Il popolamento antico della Campania, emblema delle mescolanze di popoli
Fu Polibio nel II secolo a.C. a descrivere la regione che già da più di cinque secoli si era sviluppata
intorno ai crateri del Roccamonfina, dei Campi Flegrei e del Vesuvio. Le coste basse e sabbiose da
Sinuessa fino ai Campi Flegrei costituivano un facile approdo e non spaventavano i rudi colonizzatori
arrivati da lontano.
Dal sud erano arrivate genti di origine greca che avevano creato colonie e fondato prima Parthenope e
poi Neapolis; l’insieme delle aree colonizzate dai greci costituiva la Magna Grecia. Sempre dal mare
erano arrivati gli Egizi, che si erano stabiliti nell’area detta ora “Corpo di Napoli”.
Tutti questi popoli furono poi unificati dai Romani e appresero arti e consuetudini dai nuovi arrivati,
rendendo fiorenti vivaci e attivi i suoi porti e le sue colonie. Le città della costa, soprattutto Napoli,
accogliendo tutti coloro che vi giungevano di qualsiasi etnia, divennero un amalgama stratificato di
cultura, arte, costumi ecc. non importava se fossero re o militari, liberi o schiavi: tutti diedero il
proprio contributo e furono ben accolti.
Tutti i riti furono introitati e trasformati in un patrimonio personalissimo, reso coerente da
un’assimilazione originale e autentica di tutte le forme di saperi e di arte.

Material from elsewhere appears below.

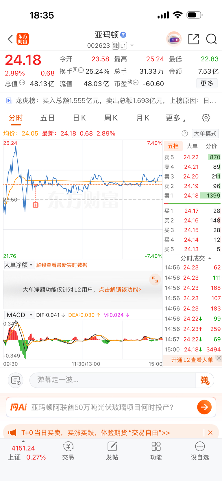 $亚玛顿(SZ002623)$ 毛驴来了,希望主力给小爷一个面子,明天直接一字板
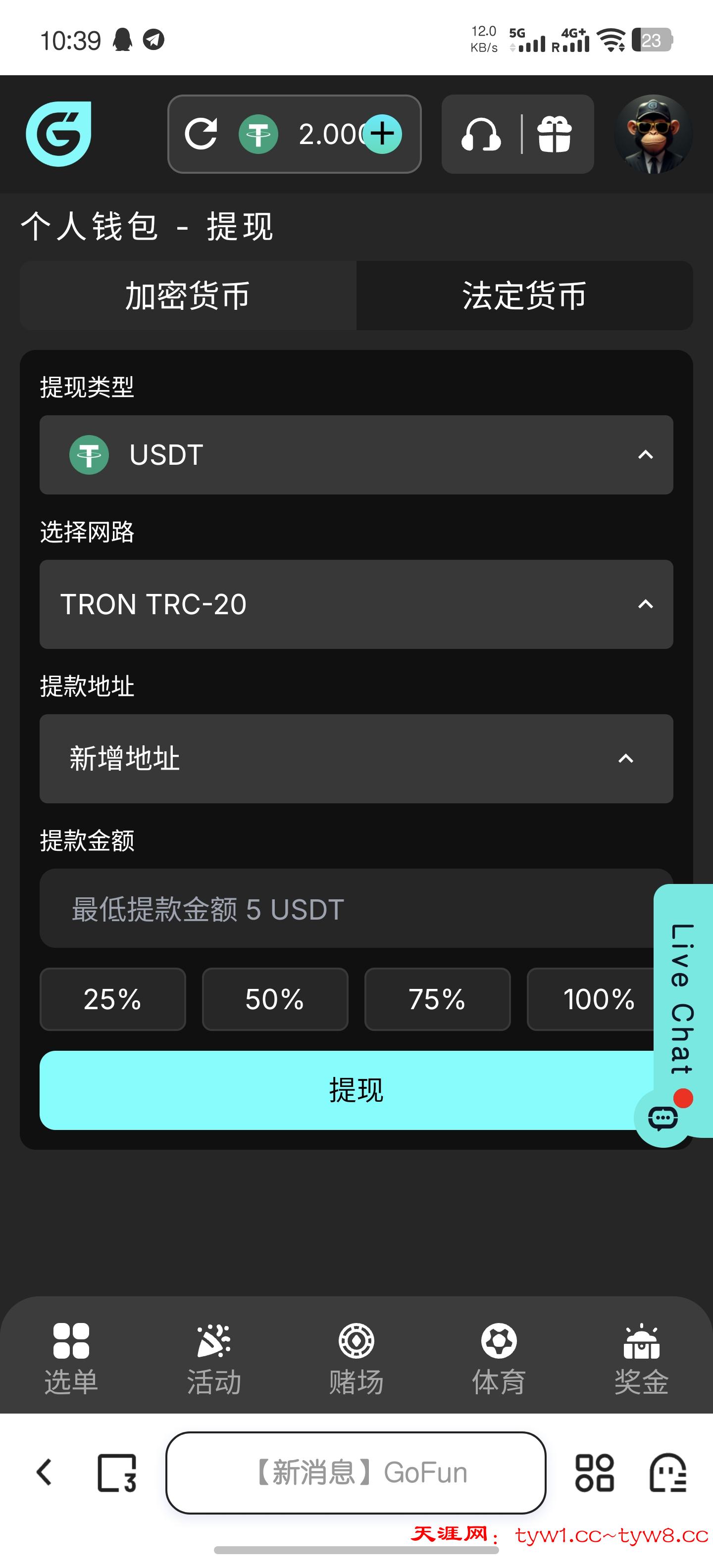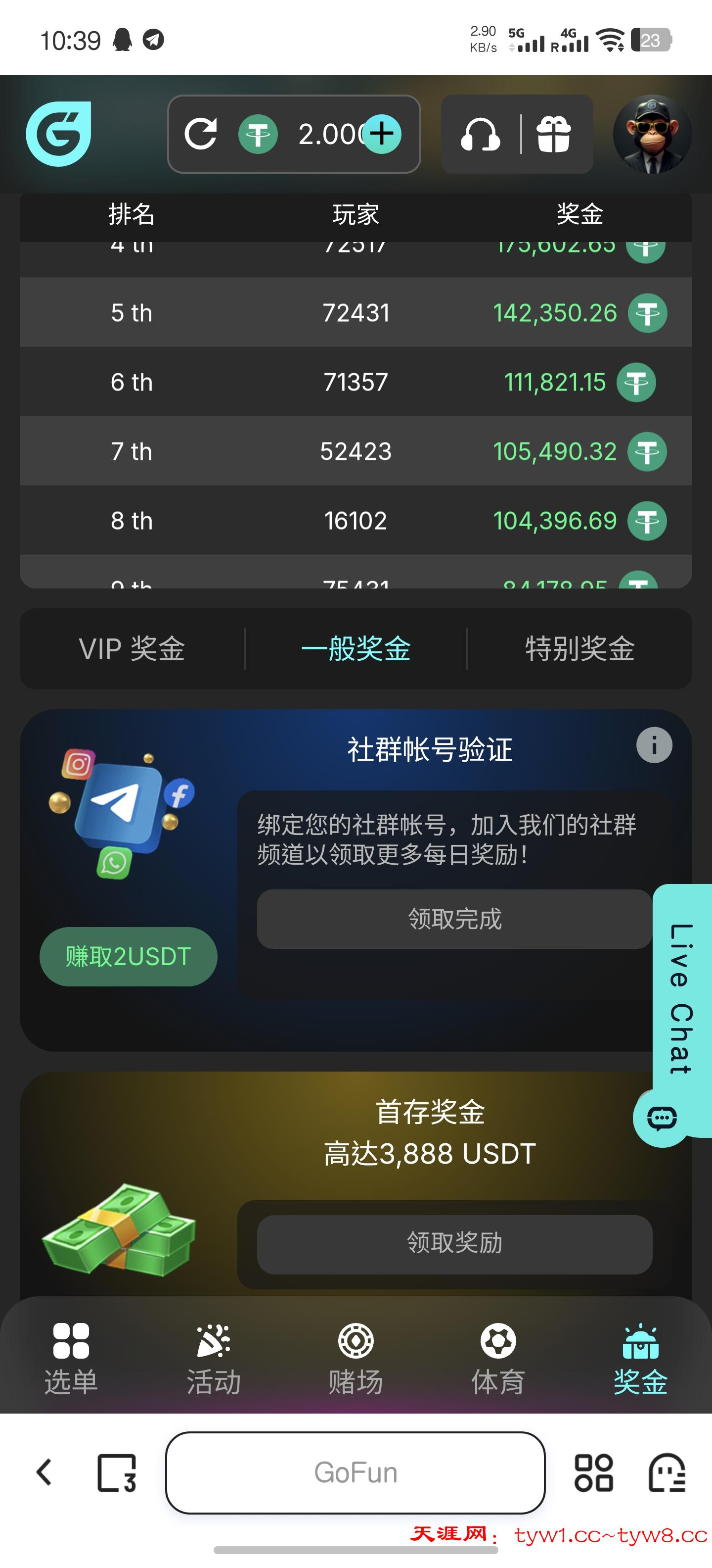 注册后在个人-奖金里找绑定社群账号的任务,3个任务完成领2U。不限场馆1倍水5U起提,我梭哈百家乐第二关没了,所以出款自测

Se è complesso tracciare linee direttrici del popolamento della Campania pre-greca, pre-etrusca e pre-
romana, è evidente la sua forgiatura etnico-religiosa, così come ampia e articolata la conoscenza di
tecniche agricole ed artigiane.
Ciascuno di coloro che sono arrivati a Napoli e in Campania, ben accolto, ha avuto la libertà di
praticare il proprio culto e di diffondere le proprie usanze, di fare interventi architettonici, di
immettere i propri modi di dire, i propri termini in quel prezioso contenitore che è anche la lingua
napoletana.
Esempio di arricchimento dei fenomeni migratori.